Nie C, Dong J, Zhang P, Liu X, Han F.; Am J Emerg Med. 2016 Sep 6.
BACKGROUND: The effectiveness and safety of the infusion of ice-cold fluids for prehospital hypothermia in cardiac arrest victims are unclear. This study assessed its effects in adult victims of out-of-hospital cardiac arrest.
METHODS: An online search of PubMed and Cochrane Library databases was performed. Cooling methods were limited to ice-cold fluid perfusion. Randomized controlled trials were included in this review. The main outcomes were body temperature at hospital arrival, survival to hospital discharge, neurological recovery, incidence of pulmonary edema, and the rate of rearrest.

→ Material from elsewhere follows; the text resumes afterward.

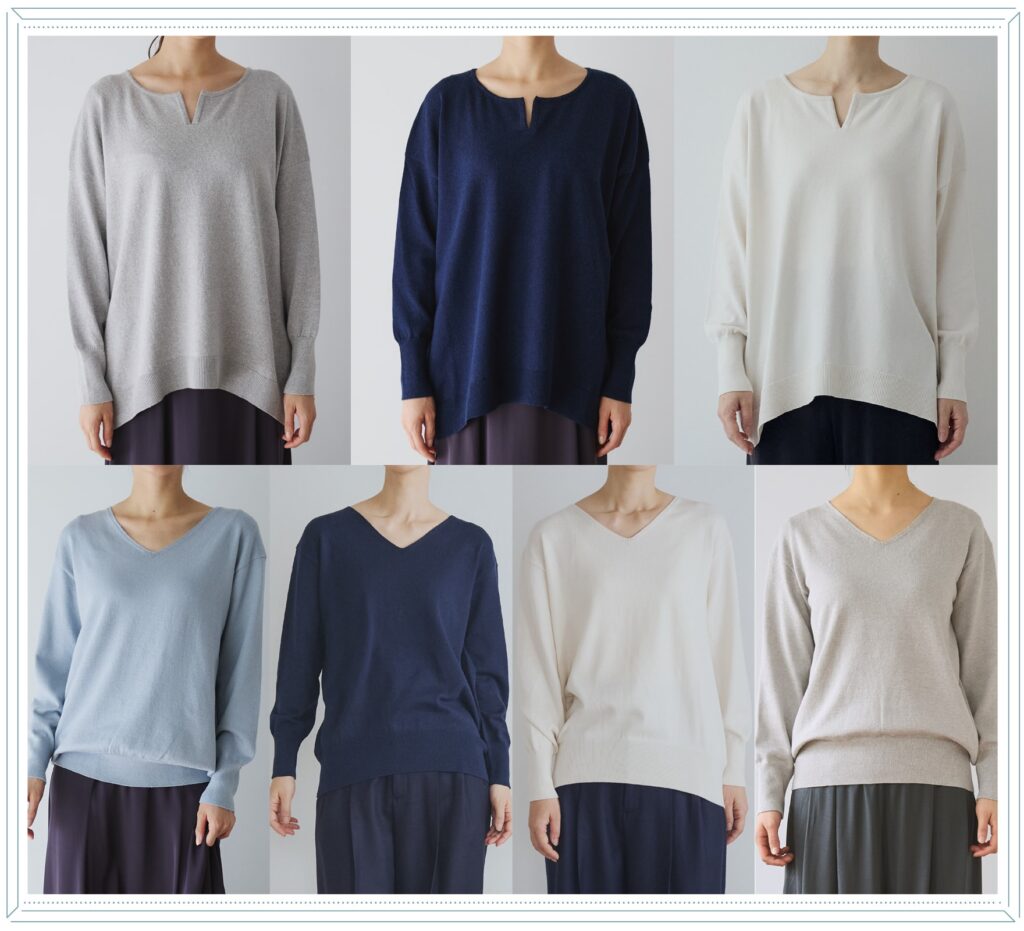 キーネックニットは、杢グレー・ネイビー・オフシロの3色。Vネックニットは、ブルーグレー、ネイビー、オフシロ、杢グレーの4色。どれを選んでも肌馴染みが良く印象が変わるので、2枚目・3枚目と追加されるお客様も多いアイテムです。

RESULTS: Among 1155 citations, 5 studies were included in this meta-analysis. The pooled analysis of these studies revealed no differences in survival to hospital discharge, favorable neurological outcomes, and incidence of pulmonary edema between the treatment group and control group. There were significant differences in body temperature at hospital arrival (I2 = 0.0%, χ2 = 2.58, MD = -0.760, 95% confidence interval = -0.938 to -0.581, P < .001) and the rate of rearrest (I2 = 0.0%, χ2 = 0.69, 95% confidence interval = 1.109 to 1.479, P = .031).
CONCLUSIONS: Prehospital therapeutic hypothermia induced by intravenous infusion of ice-cold fluids in patients with out-of-hospital cardiac arrest decreased body temperature at hospital arrival but did not improve survival to hospital discharge and favorable neurological outcomes. Ice-cold fluid infusion did not increase the incidence of pulmonary edema but increased the incidence of rearrests.